The Holyhead Mountain Hut Circles (Tŷ Mawr, lit. 'big house'; or Cytiau'r Gwyddelod, ) are the remains of a group of Celtic Iron Age huts near Trearddur on Holy Island, Anglesey, Wales. The site is under the care of Cadw and can be visited all year round. The construction of these huts is very similar to those at Din Lligwy, having thick stone walls.

==Hut group==
The hut group is located on a level terrace that traverses the southwestern end of Holyhead Mountain. The precise age of the hut group is not clear. Much of the site is thought to date from the Iron Age but the settlement may have been in existence over an extended period of time from the Neolithic to the Dark Ages, with different buildings being in use at different times.

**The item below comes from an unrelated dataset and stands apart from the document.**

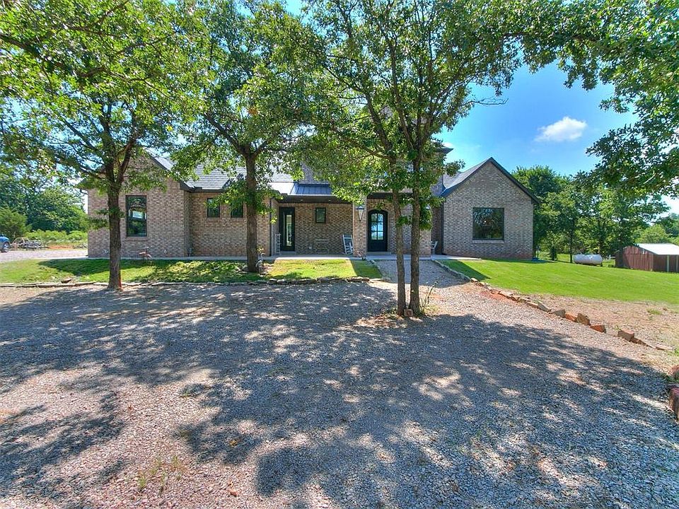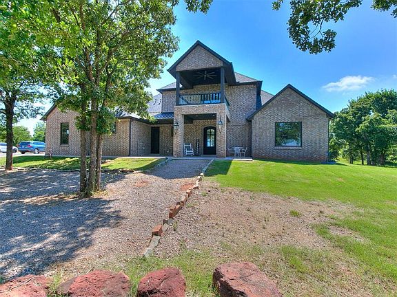 Welcome to quiet country living, but only minutes to I-35 for quick access to anywhere in the metro. This beautiful home is perfectly situated on 2.3 sprawling acres. This beauty boasts 3 beds, 3.5 bathrooms, an expansive upstairs bonus room or 4th bedroom, which has its own full bathroom and closet, and character for days!!! The open floor plan is perfect for entertaining. The kitchen has all top of the line stainless steel appliances, Frigidaire Professional Refrigerator, a large pantry, tons of natural light, massive center island, and storage for days! Nothing was missed in this kitchen for sure! The primary suite has double vanities, a large walk in shower, gorgeous stand alone bathtub, and large closet. Across the home, you will find bedrooms 2 and 3 that are separated by a Jack and Jill bath. Upstairs you will find bedroom 4/Bonus Room, which has brand new carpet, with a full bath and walkout balcony that is incredible!!! You have to see it! The backyard oasis includes a large covered patio, 18x36 Saltwater pool, and lots of peace and quiet! The front and back porch are so peaceful, both offering tons of space to relax, entertain, and take in wonderful views. Other things to love--Award winning Edmond schools, NO RESTRICTIONS, well water--no high water bills, RV Hookups with electrical and sewage next to the house, separate electrical and sewage towards the front of the property (by storm shelter) that is perfect for a guest house or additional home, footing poured for a 40x30 shop, Top of the line Hayward Pool equipment, basketball goal and pad, home is equipped for generator, and AT&T Air Internet now available. This home has it all!! WELCOME HOME!!!

The Iron Age hut circles were excavated by William Owen Stanley of Penrhos, Anglesey (son of Baron Stanley of Alderley). Stanley wrote his findings in the 1869 academic journal edition of the Archaeologia Cambrensis. He published the findings on the Ty Mawr hut circles with help from Augustus Lane Fox from the 1862 and 1868 excavations. From the 50 buildings found, 20 survive today. The site was later in a state of guardianship as of 1911 and was cleared of its artifacts in 1912-1913 and was again excavated in 1978 and 1982. Originally believed to be of during the centuries of Roman occupation of Wales, there was coin hoard and Ancient Roman pottery found. However, through Radiocarbon dating the site was determined to be from c. 1,000 BC.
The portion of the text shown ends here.